I told myself it’d all be over in less than twenty-four hours.

I told myself I didn’t care.

Most of all, I thought Chase might be a little right. Maybe I did need sex to calm me down. It had been six months, after all. I texted Ethan.

Maddie: Let’s meet at my place on Saturday after your marathon. Unless you think you’ll be too exhausted?

Ethan: *half marathon.

Seriously? That was what he took from my message? My phone glowed to life with a second message a few seconds later.

Ethan: And I will adequately perform, even post–half marathon. It’s a date. x

CHAPTER EIGHT

CHASE

“So lay it on me. How’s my old man doing?” I sidestepped a kid on a scooter as I walked with Grant to Madison’s apartment. Grant Gerwig had been my best friend ever since I was four. Currently, he was a Colin Firth–looking, prestigious oncologist with a private clinic in the Upper East Side. He was one of those assholes you read about who accidentally found the cure to an incurable disease at a bar eating stale peanuts while waiting for their Tinder date. The kind of smart that made you wonder if there was a secret meaning to life that he wasn’t telling you about.

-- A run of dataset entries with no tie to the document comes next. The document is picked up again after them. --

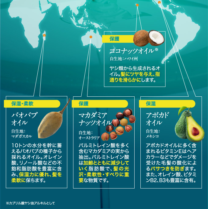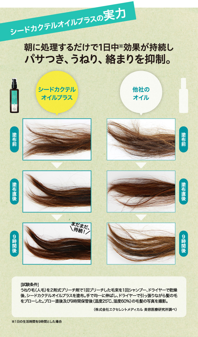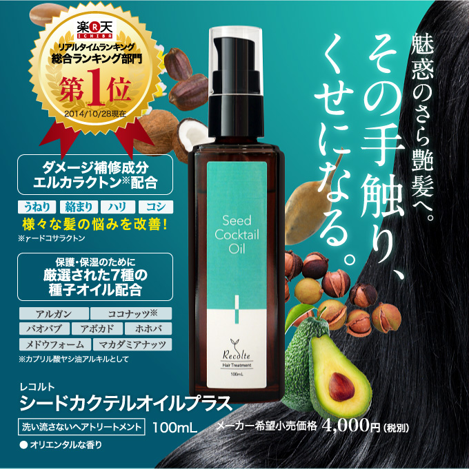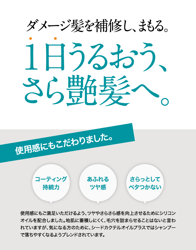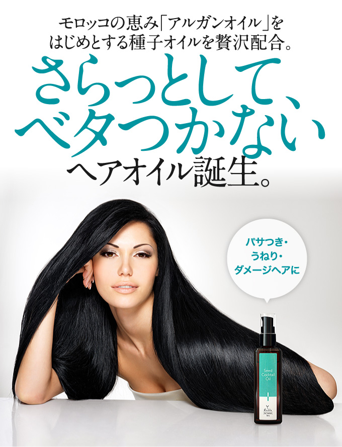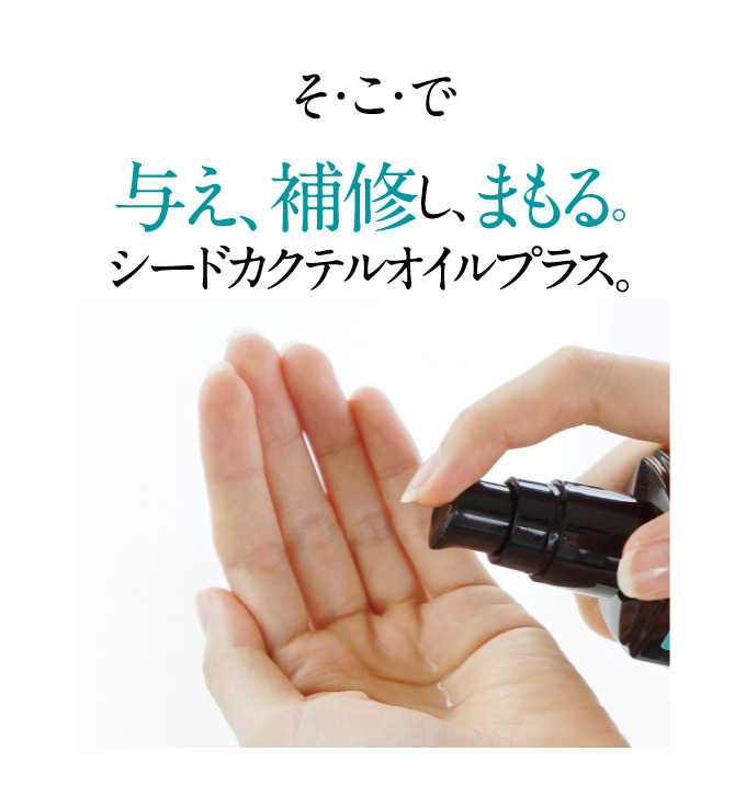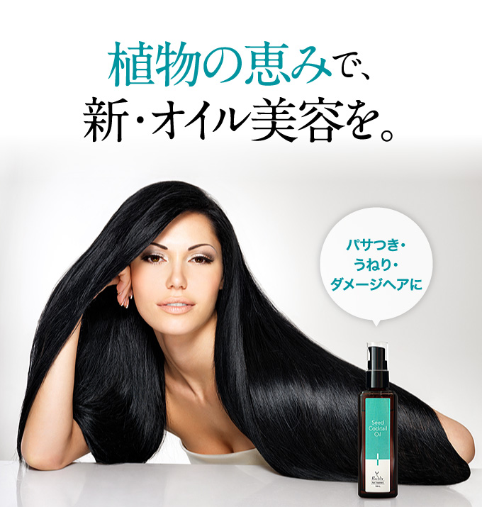 優れた毛髪補修・保護機能をもつ数種類の種子オイルを独自の 配合比率でブレンドしたヘアオイル(洗い流さないヘアトリートメント)です。
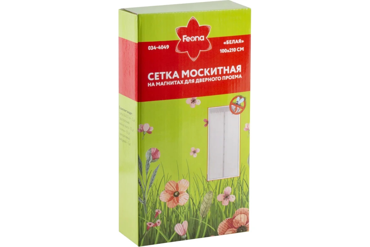 Москитная сетка на магнитах FEONA 1x2.1 м, белая 034-4049 224823 - это практичное и удобное решение по защите дома от различных насекомых. Изделие также останавливает тополиный пух и крупный мусор при сильном ветре, позволяя без затруднений вентилировать помещение. Сетка предназначена как для оконных, так и для дверных проемов.
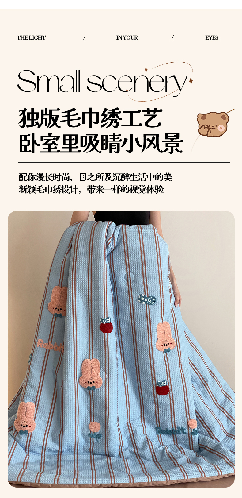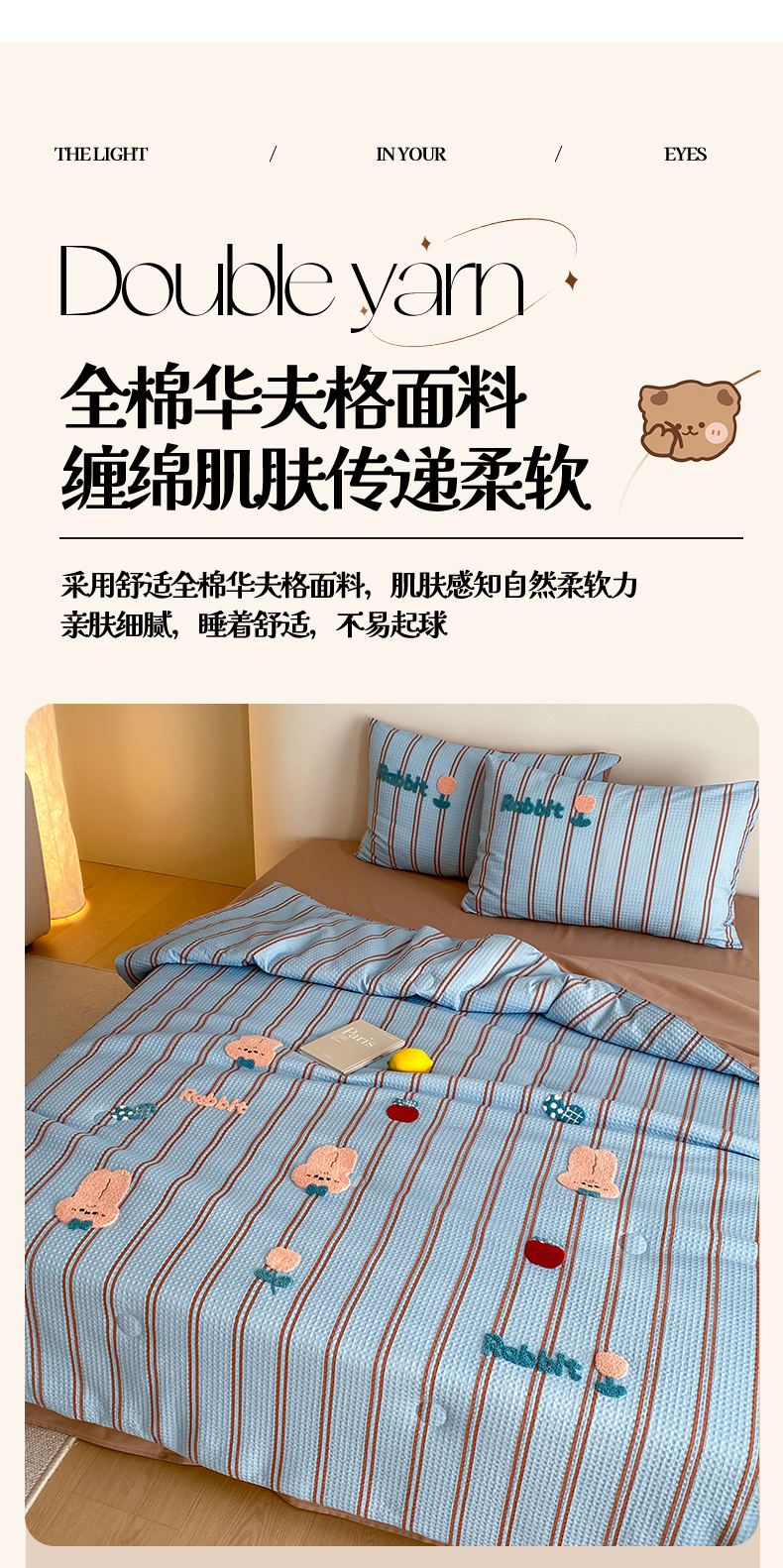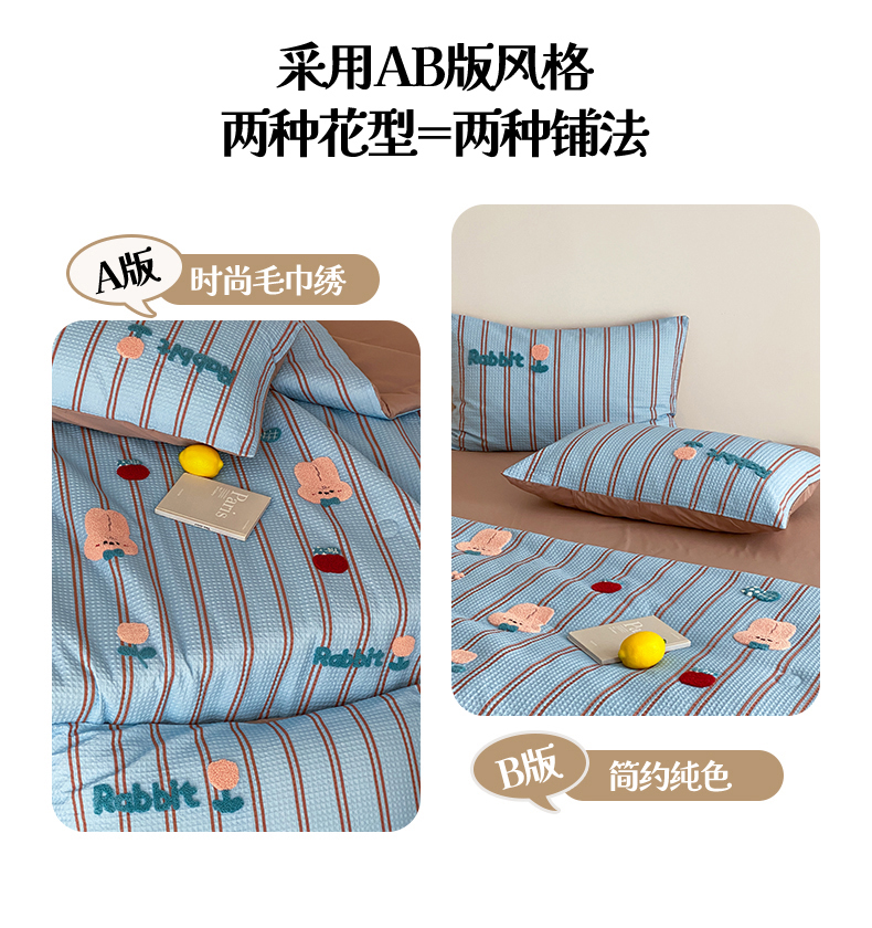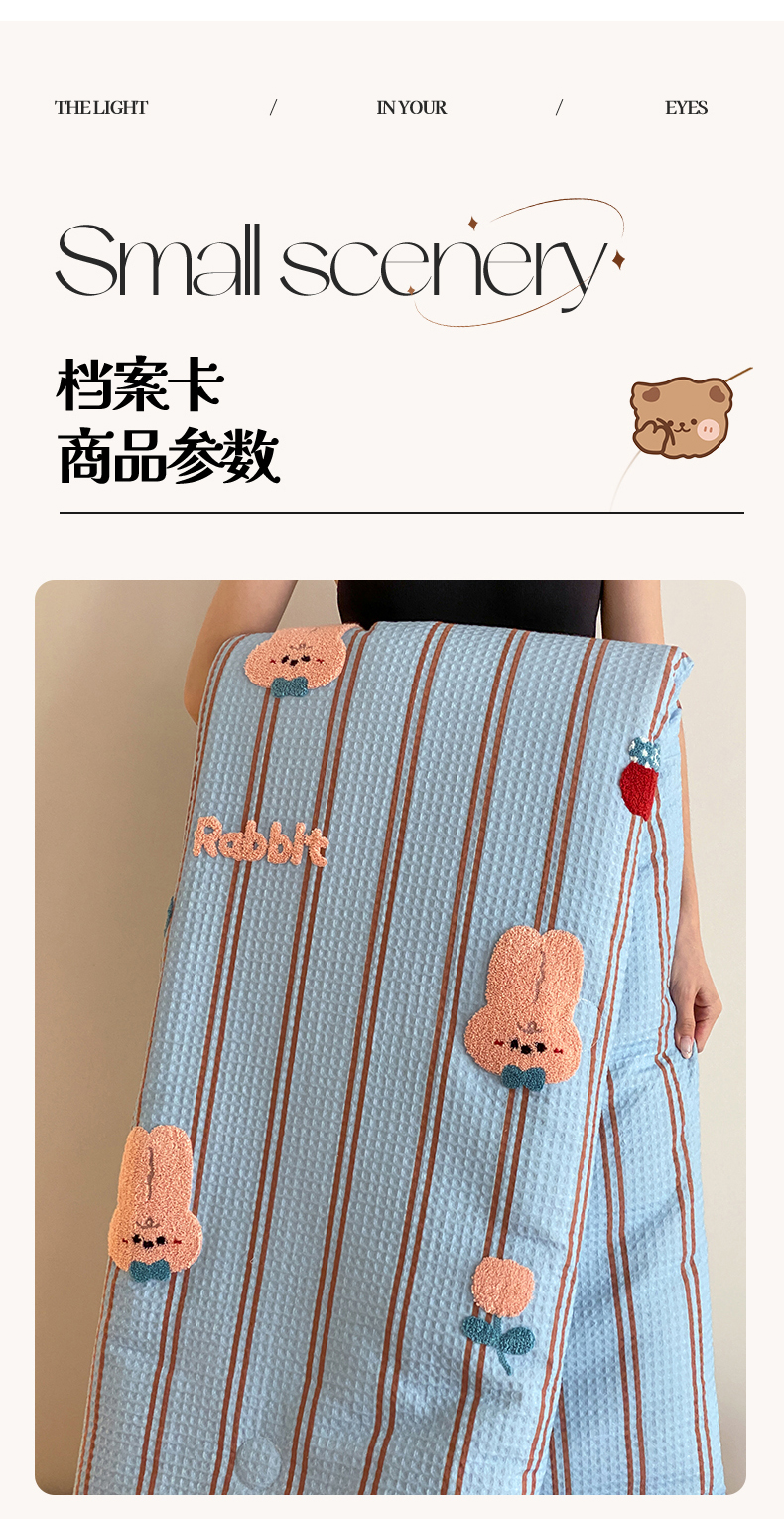 • 91家纺网 家纺一手货源 找家纺 鸣升家纺 2026新款a类全棉华夫格贴布绣全棉夏被四件套空调被芯夏凉被棉花被 平安兔

We jogged every morning together and made it a point to have a weekend drink, no matter our schedules, if we were both in town. When we’d found out about Dad, I’d physically dragged Ronan Black to Grant’s clinic for a second opinion, despite him muttering that he clearly remembered having to help Grant “take care of business” when my best friend had had an accident while watching a horror flick with me when we were five. “I just don’t like the idea of getting my medical verdicts from people I knew before they were fully potty trained.”